The pace of the molecular dissection of human disease can be measured by looking at the catalog of human genes and genetic disorders identified so far in Mendelian Inheritance in Man (1) and in OMIM, its online version, which is updated daily ( For 1100 genes, at least one disease-related mutation has been identified (see the first figure below). Because different mutations in the same gene often result in more or less distinct disorders, the total number of diseases for which OMIM lists mutations approaches 1500 (see the second figure below).

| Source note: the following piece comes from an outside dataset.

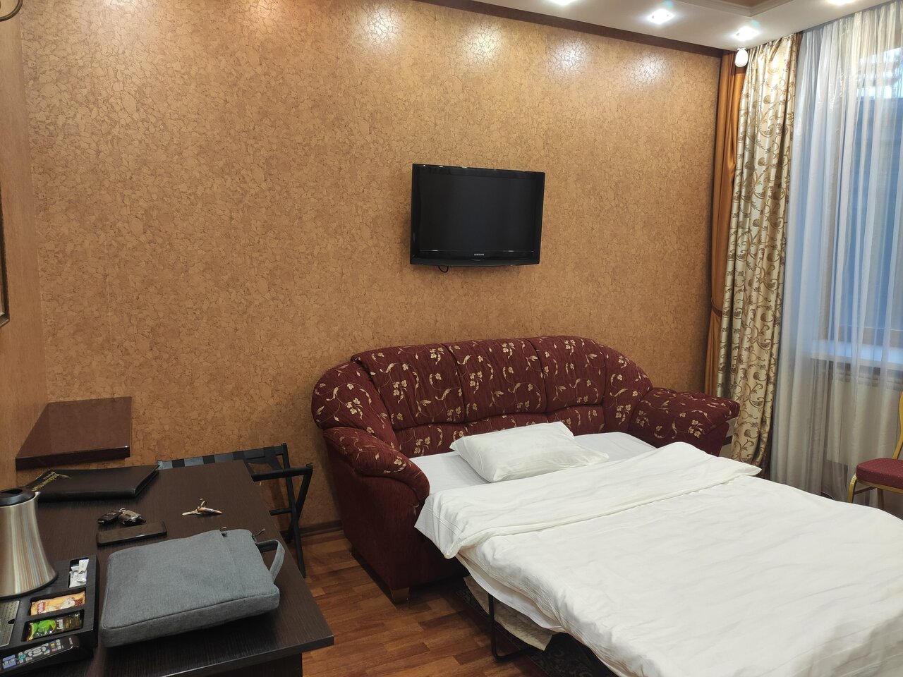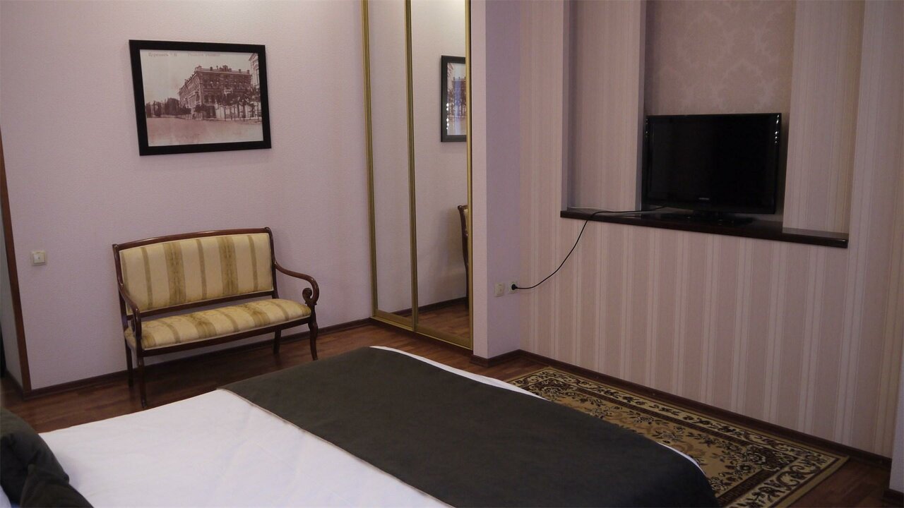 Уютная ,добротная гостиница. С претензией. Там все продумано. Красивые лифты . В номерах высокие потолки,сами номера большие . Хорошая звукоизоляция .Остались очень довольны. Выспались)

Pace of disease gene discovery (1981 to 2000).

The number of disease genes discovered so far is 1112. This number does not include at least 94 disease-related genes identified as translocation gene-fusion partners in neoplastic disorders. Numbers in parentheses indicate disease-related genes that are polymorphisms (“susceptibility genes”).

Molecular characterization of clinical disorders (1981 to 2000).

The number of clinical diseases characterized (1430) does not include the many neoplastic disorders caused by translocation-related fusion genes.

Beginning in 1986, map-based gene discovery (positional cloning) became the leading method for elucidating the molecular basis of genetic disease. Almost all medical specialties have used this approach to identify the genetic causes of some of the most puzzling human disorders. Positional cloning has also been used reasonably successfully in the study of common diseases with multiple causes (so-called complex disorders), such as type I diabetes mellitus and asthma. With the availability of the human genome sequence and those of an increasing number of other species, sequence-based gene discovery is complementing and will eventually replace map-based gene discovery.

With the anatomy of the human genome at hand, the biomedical research community is facing sweeping changes in its methods and strategies (see the table below). Here, we address the major challenges and opportunities facing members of the research community as they continue to dissect the molecular basis of human disease.

View this table:

Monitoring Variations in the Genome

Initial analyses of the completed chromosomal sequences suggest that the number of human genes is lower than expected (about 35,000) (2). These findings are consistent with the idea that variations in gene regulation and the splicing of gene transcripts explain how one protein can have distinct functions in different types of tissue. It also seems likely that obvious deleterious mutations in the coding sequences of genes are responsible for only a fraction of the differences in disease susceptibility between individuals, and that sequence variants affecting gene splicing and regulation must play an important part in determining disease susceptibility. As only a small proportion of the millions of sequence variations in our genomes will have such functional impacts, identifying this subset of sequence variants will be one of the major challenges of the next decade. The success of global efforts to identify and annotate sequence variations in the human genome—which are called single-nucleotide polymorphisms (SNPs)—is reflected in the abundance of SNP databases (for example,;; However, the follow-up work of understanding how these and other genetic variations regulate the phenotypes (visual characteristics) of human cells, tissues, and organs may well occupy biomedical researchers for all of the 21st century.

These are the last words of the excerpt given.